▶ **Aim of the exercise**
Exactly the lines from the line with "CO-ED BROOMBALL 'B' CHAMPS LAW" through the final line of the records below, both ends included, are to be set down. Do not include pictures.
== Source material ==
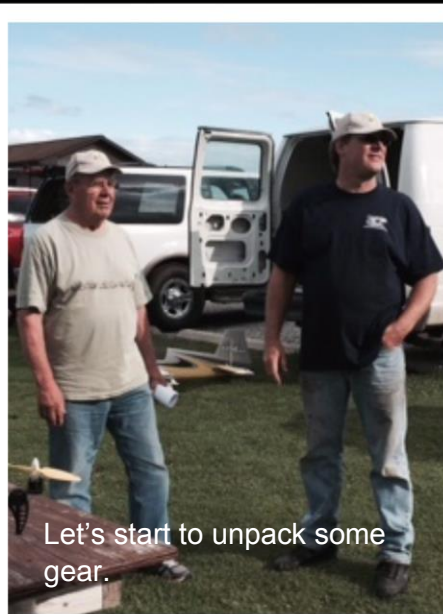
Let's start to unpack some gear.
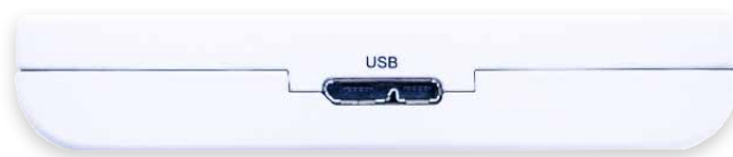
Back view amplifier, power supply and EEG data transfer output via USB 3 (actual size).
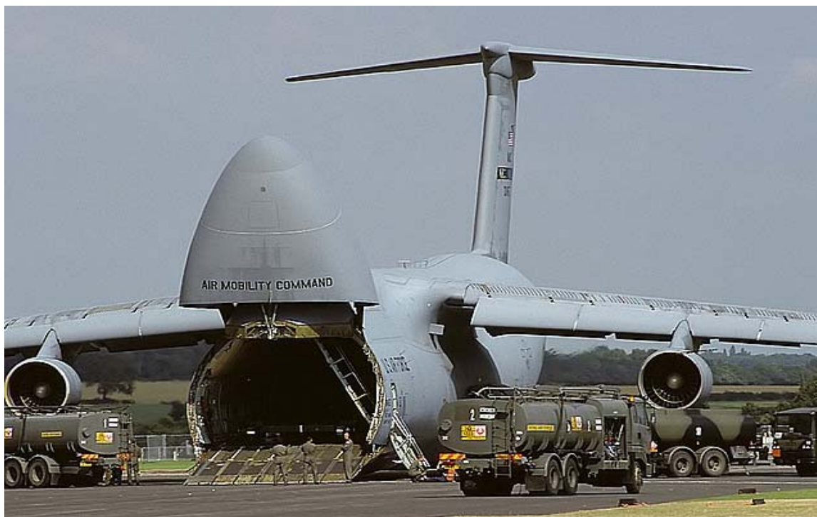
Figure 1. Aircraft Being Refueled
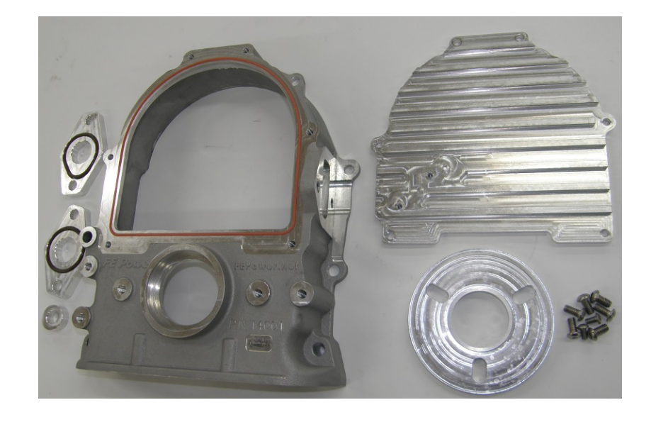
Part Number 14011 showing all parts included with the kit
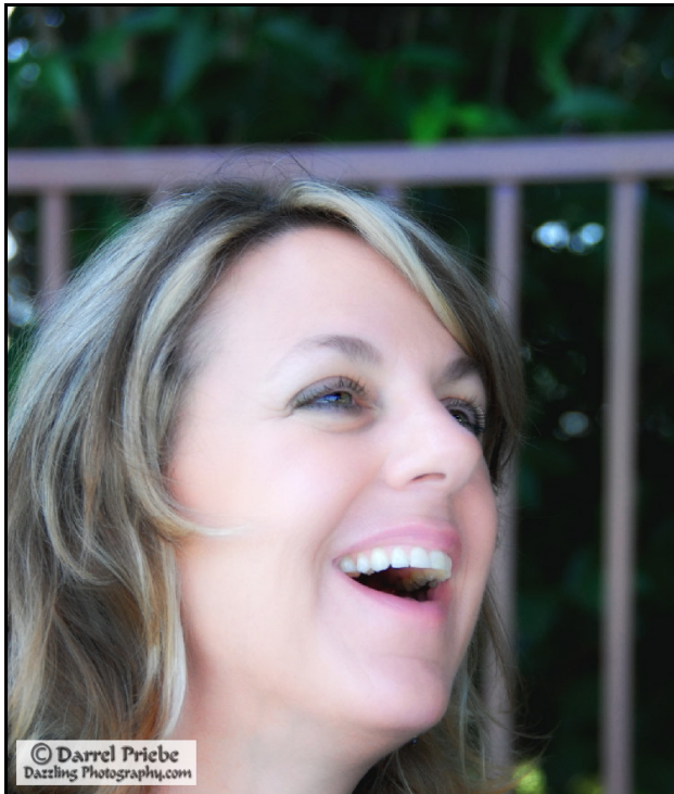
(IMAGE 4 – Model with Glamour Glow added to Contrast Color Range filter)

U-Point Technology is definitely the coming thing in digital darkroom tools. If you haven't tried it, you owe it to yourself to give this program a spin with the free 15-day trial.
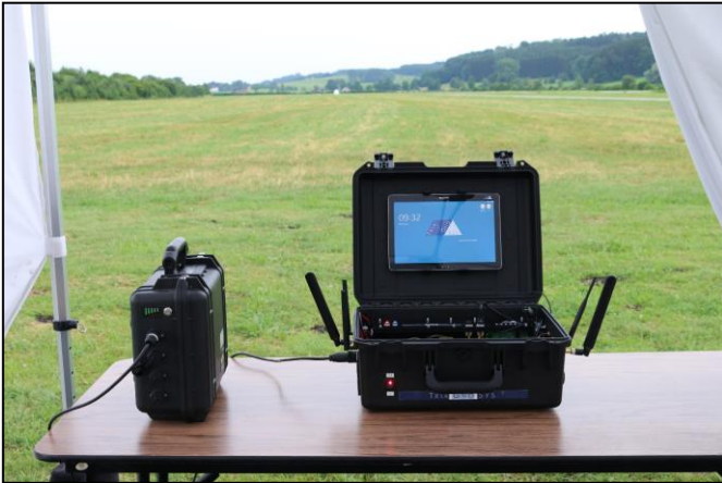
Figure 4. Portable land mobile unit equipment (PLMU, on the right) and its battery (on the left) during validation phase.

The PLMU corresponds to the terrestrial communication segment of the ABSOLUTE architecture. This unit is deployed on the ground and therefore offers a smaller coverage compared to that reached with the AeNB. However, it provides additional wireless communication technologies and it is also highly modular for answering different users' needs. The PLMU has been implemented as a complete communication system embedded into a rugged suitcase as shown in Figure 4. It is composed of several components as listed in Table 1. The entire system can be powered either by a regular power outlet or by a battery pack providing up to several days of autonomy, depending on the battery capacity and the components being in use. The PLMU is modular and easily adaptable to the requirements of each specific emergency situation by using only the required communication technologies, which are switching on/off using the relay blocks module. External devices can be plugged to the PLMU for extending its capabilities, e.g. a satellite system for enabling satellite backhauling.
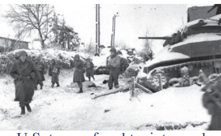
U.S. troops fought winter and the Axis Powers at the Battle of the Bulge.

weak point in the American position. <sup>19</sup>A bend in the U.S. frontlines was created that was 80 miles long and 50 miles wide. <sup>20</sup>The so-called "Battle of the Bulge"
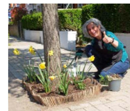
HAPPINESS IS A LOVINGLY-TENDED TREE BASE, SAYS THIS RESIDENT

Food and Wine shop on Revelstoke Road. At Southfields Harvest we also gave out over 1,000 mini daffodil bulbs to Grid residents. We look forward to seeing them blooming in the spring. Meanwhile, outside the Grid we were pleased to take part in the first Putney Clean Air Fair hosted by our local MP Fleur Anderson, where there was much interest in our project. We took part in Wandsworth's Together on Climate Change Festival at
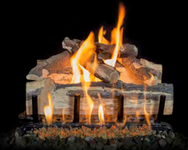
2-Burner Blue Pine Split 18"
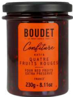
Four Red Fruits 6 x 8.11oz 812655000058
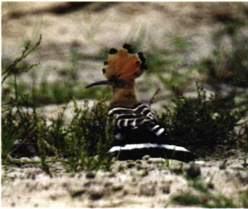
216 Hop / Hoopoe Upupa epops , Alkmaar, Noord-Holland, 3 oktober 1998

tember bij Den Haag. Visarenden Pandion haliaetus waren opvallend talrijk, met c 90 voornamelijk van eind augustus tot begin september. Verspreid over de periode werden 11 Roodpootvalken Falco vespertinus gezien.
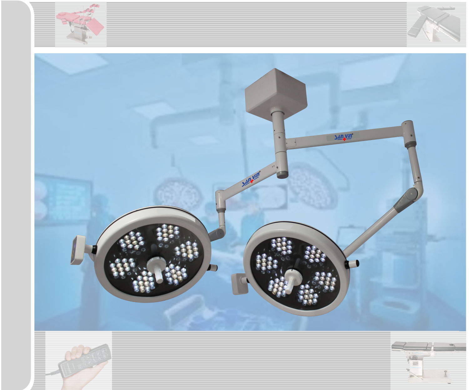
Model : Glow 6060 Double Head
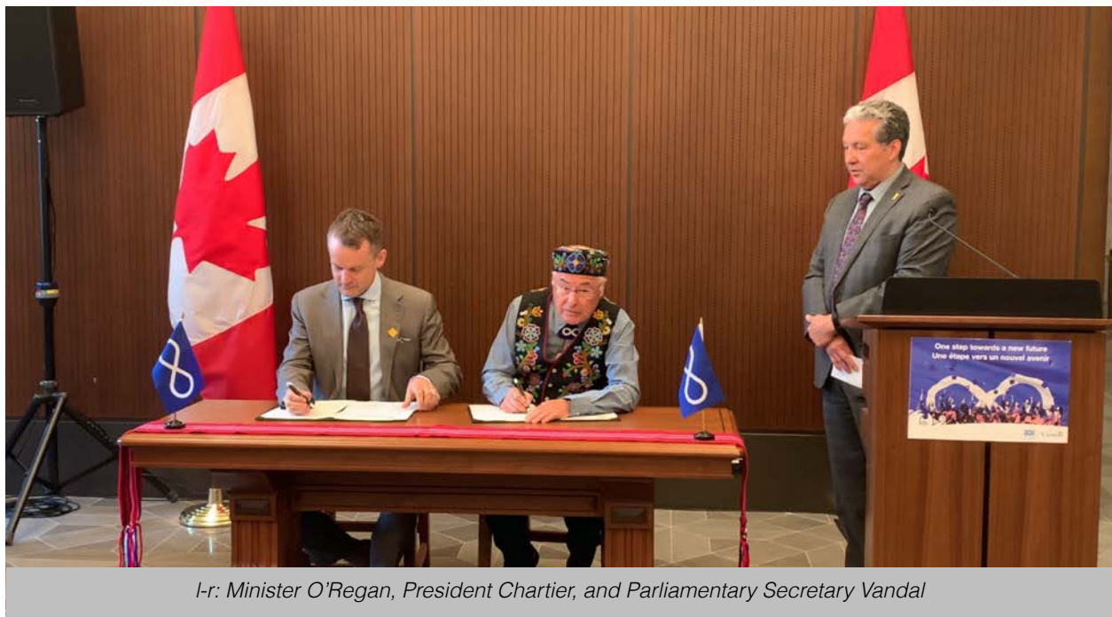
l-r: Minister O'Regan, President Chartier, and Parliamentary Secretary Vandal

On June 10, 2019, Ottawa, ON: The Minister of Indigenous Services, Seamus O'Regan, and the President of the Métis National Council, Clément Chartier, signed a historic agreement that signals the Government of Canada's commitment to providing post-secondary education supports
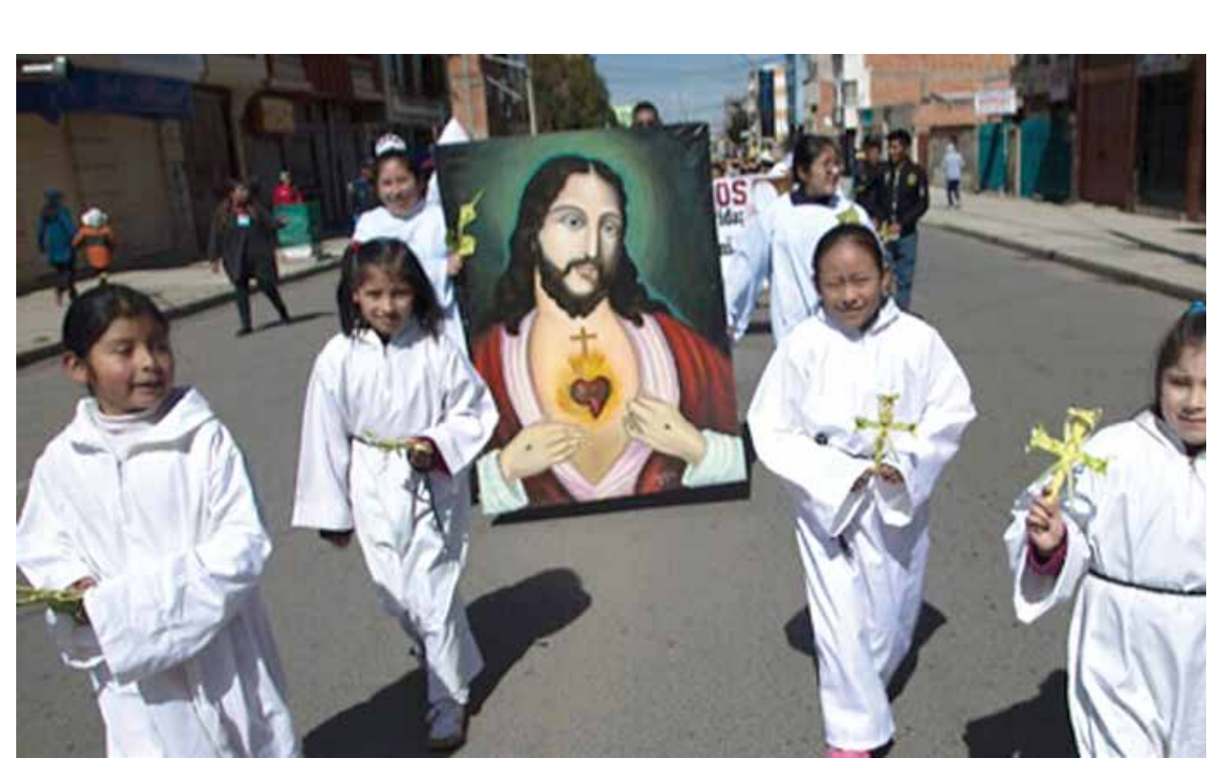
Altar girls carry a Sacred Heart painting of Jesus during a procession before Palm Sunday Mass in El Alto, Bolivia, April 14, 2019.

Jesus Christ supporting an English flag and staff in the crook of his right arm depicted in a stained glass window in Rochester Cathedral, Kent.
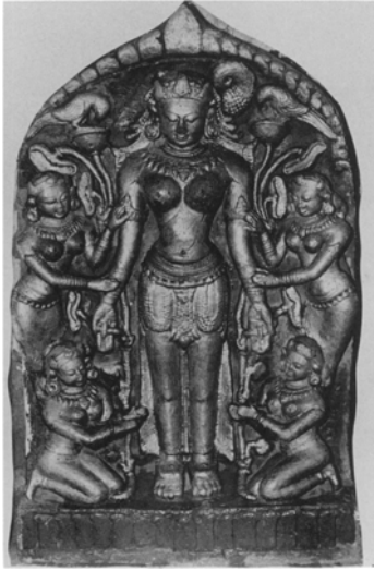
<Figure 13> Mother Maya

Note: Mother Maya was carried by four Diva Queens and was bathed in a suitable place of Anaw Watat Lake to cleanse the human essence (Old Burma, Plate 278d)
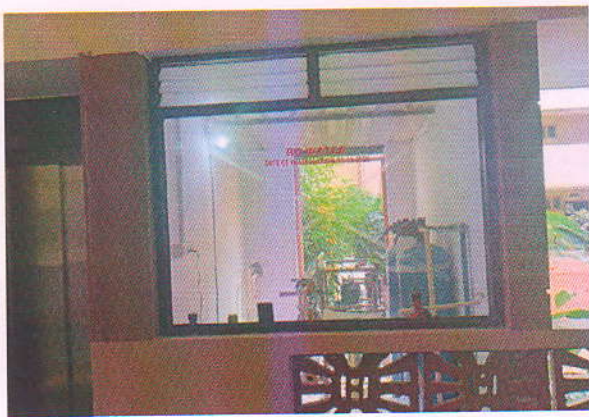
Maintenance of Water bodies
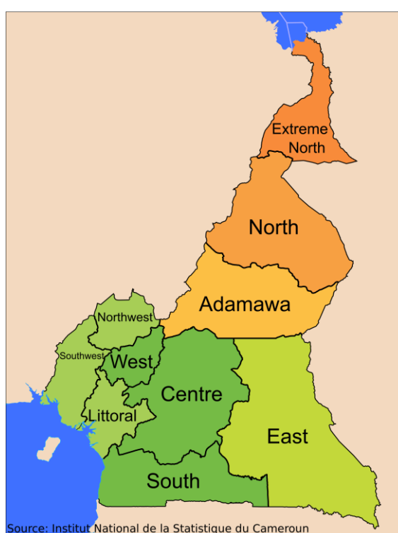
Figure 1: Map of Cameroon

Young people represent more than 50% of the population. It is expected the demand for education will increase. The urban population has grown at an accelerated pace from 14% in 1950 to 58% in 2010. This trend is expected to continue between 2010 and 2020. Figure 1 shows the 10 subdivisions of Cameroon. The population is unequally distributed over the territory. This contributes towards education inequality.
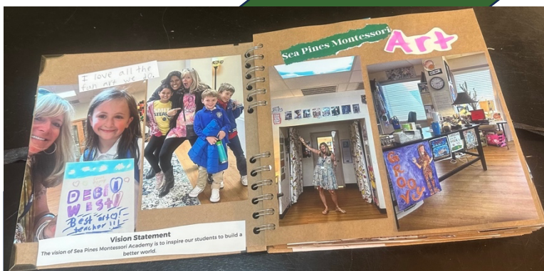
Scrapbook pages by Debi West
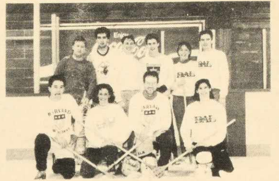
CO-ED BROOMBALL 'B' CHAMPS LAW
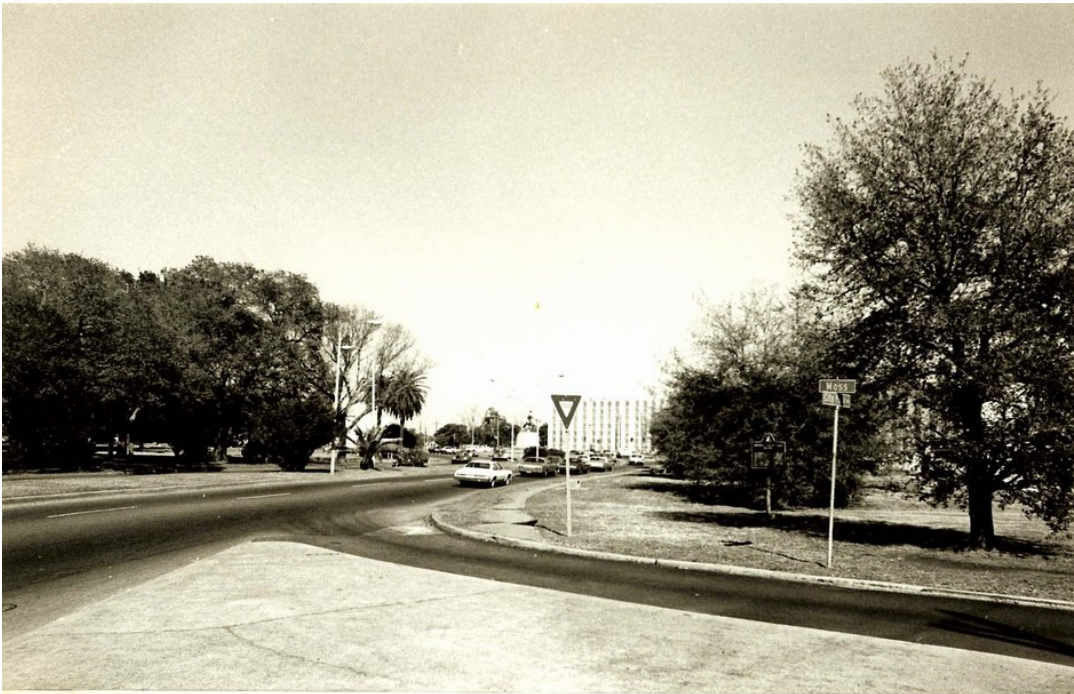
PHOTOGRAPH #1: Corner of Moss Street and No. Carrollton Avenue on City Park side of Bayou St. John looking toward Beaugard Circle at Esplanade Avenue entrance to City Park. Tall structure in center background is Park Esplanade Apartment building on opposite side of Bayou. Arrow in foreground points to historic marker shown in Photograph #2.
===
▶ **Your response**
CO-ED BROOMBALL 'B' CHAMPS LAW
PHOTOGRAPH #1: Corner of Moss Street and No. Carrollton Avenue on City Park side of Bayou St. John looking toward Beaugard Circle at Esplanade Avenue entrance to City Park. Tall structure in center background is Park Esplanade Apartment building on opposite side of Bayou. Arrow in foreground points to historic marker shown in Photograph #2.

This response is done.